Some dairy categories seem ripe to return to health and taste authenticity, which yogurt has shown could win big.

The dairy case is a thriving place to enhance appeals of heritage food— yogurt, cheese and butter—with fresh thinking for today’s consumers who want health and food authenticity. 

The yogurt our parents bought in supermarkets was typically plain and healthy decades ago, before the category evolved into many sugar-laden varieties. The Greek yogurt phenomenon has changed the category dramatically:  It now accounts for about one-third of U.S. yogurt sales, and its health leadership has propelled yogurt sales in U.S. food stores by about 15% in two years, says Nielsen. By now, many manufacturers have rushed in on the craze begun by Fage and Chobani, and growth anticipation is high since U.S. per capita consumption of yogurt is lower than in many nations.

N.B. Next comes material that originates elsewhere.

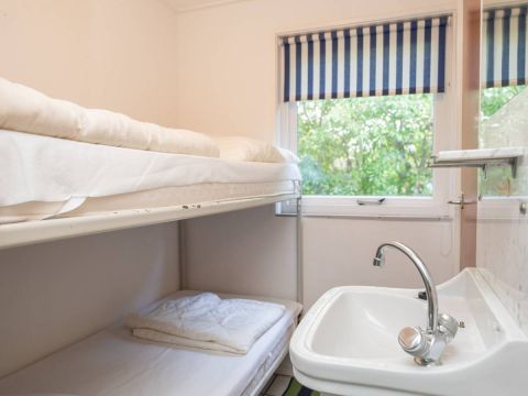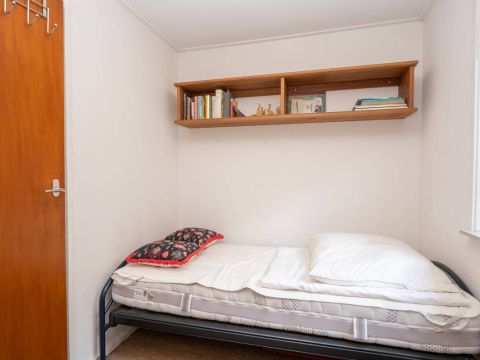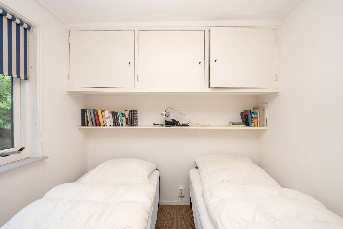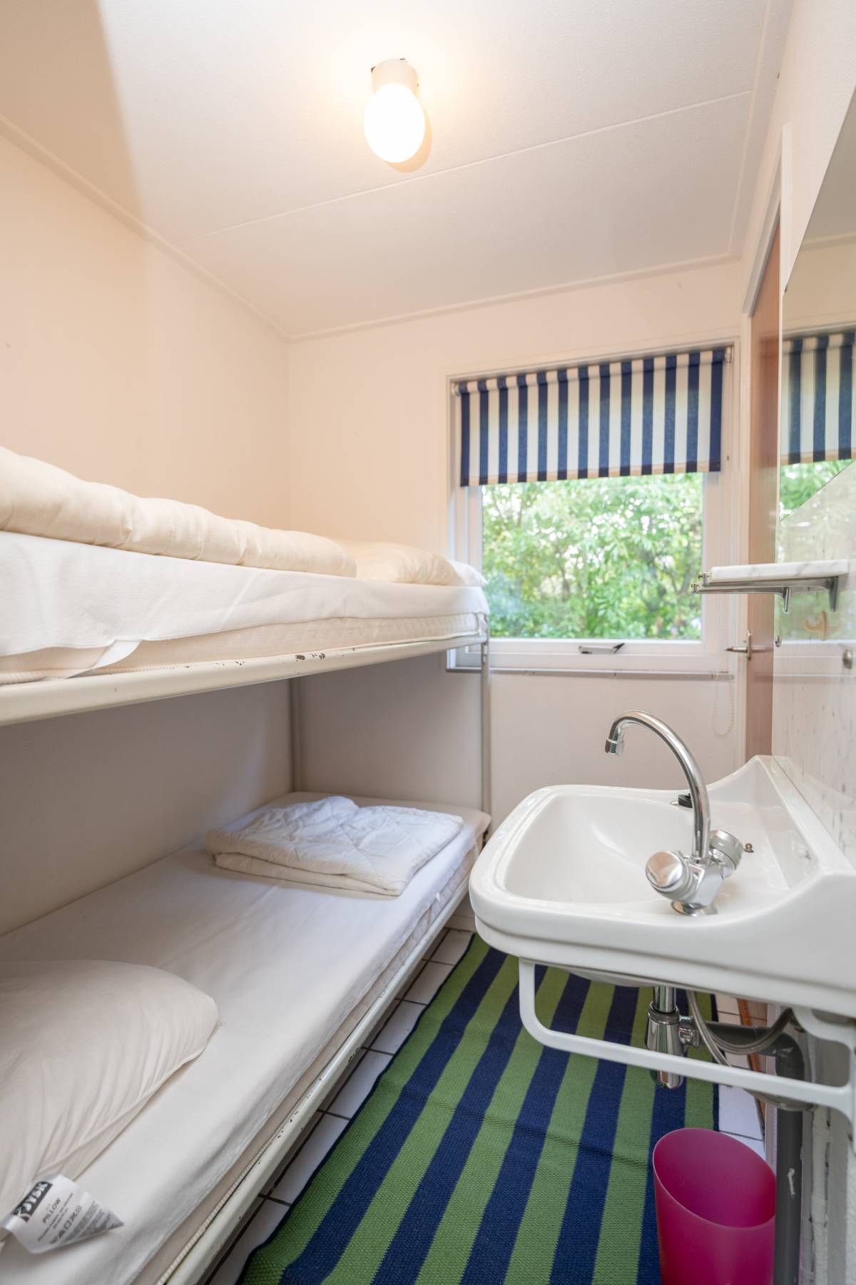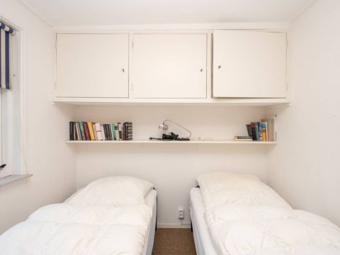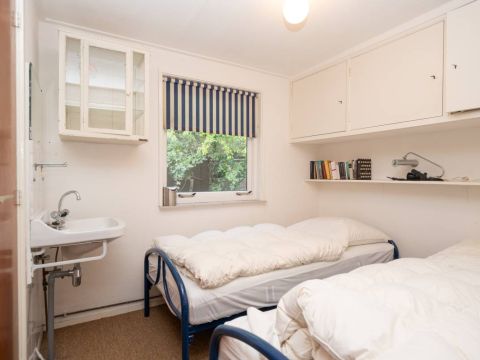 Deze eerste slaapkamer is van prima formaat en beschikt over een wastafel. De twee overige slaapkamers zijn bereikbaar via de woonkamer. Beide kamers zijn ook voorzien van een wastafel en vaste kasten. Ook deze kamers bieden voldoende ruimte en zijn geschikt voor meerdere slaapplaatsen.

Also, the cropping up of gourmet yogurt bars in New York City shows the traction of quality good-for-you foods with consumers today. 

The Lempert Report sees this trend growing in the chilled case. For example, Sargento has created sub-brands of artisan and chef blends that give an image of limited editions of old-style recipe cheeses. On nearby pegs, brands of premium-sliced deli meats are authentic meat, not formed roll, and have limited or no preservatives or additives. In butter, Land O’Lakes has varieties with olive oil and sea salt or honey butter, to name a few, and emphasizes it is a farmer-owned cooperative that fresh-churns its butters. What’s next? Orange juice, maybe.  Remember when Tropicana was marketed as pure from Florida with no concentrates?

Stores could capitalize on the quality of foods like these with trade dress that connotes farms and freshness, and sampling with people in old-time clothing with props such as butter churns and milking stools. Because foods with authentic appeal often sell at higher margins—though not at gourmet prices—there is room for brands and retailers to build in a marketing budget and appeal to their mainstream shopper base.

Cross merchandising could help spread this trend to other parts of the store, as long as artisan cheeses are shown with artisan crackers, for example, to keep the quality concept intact.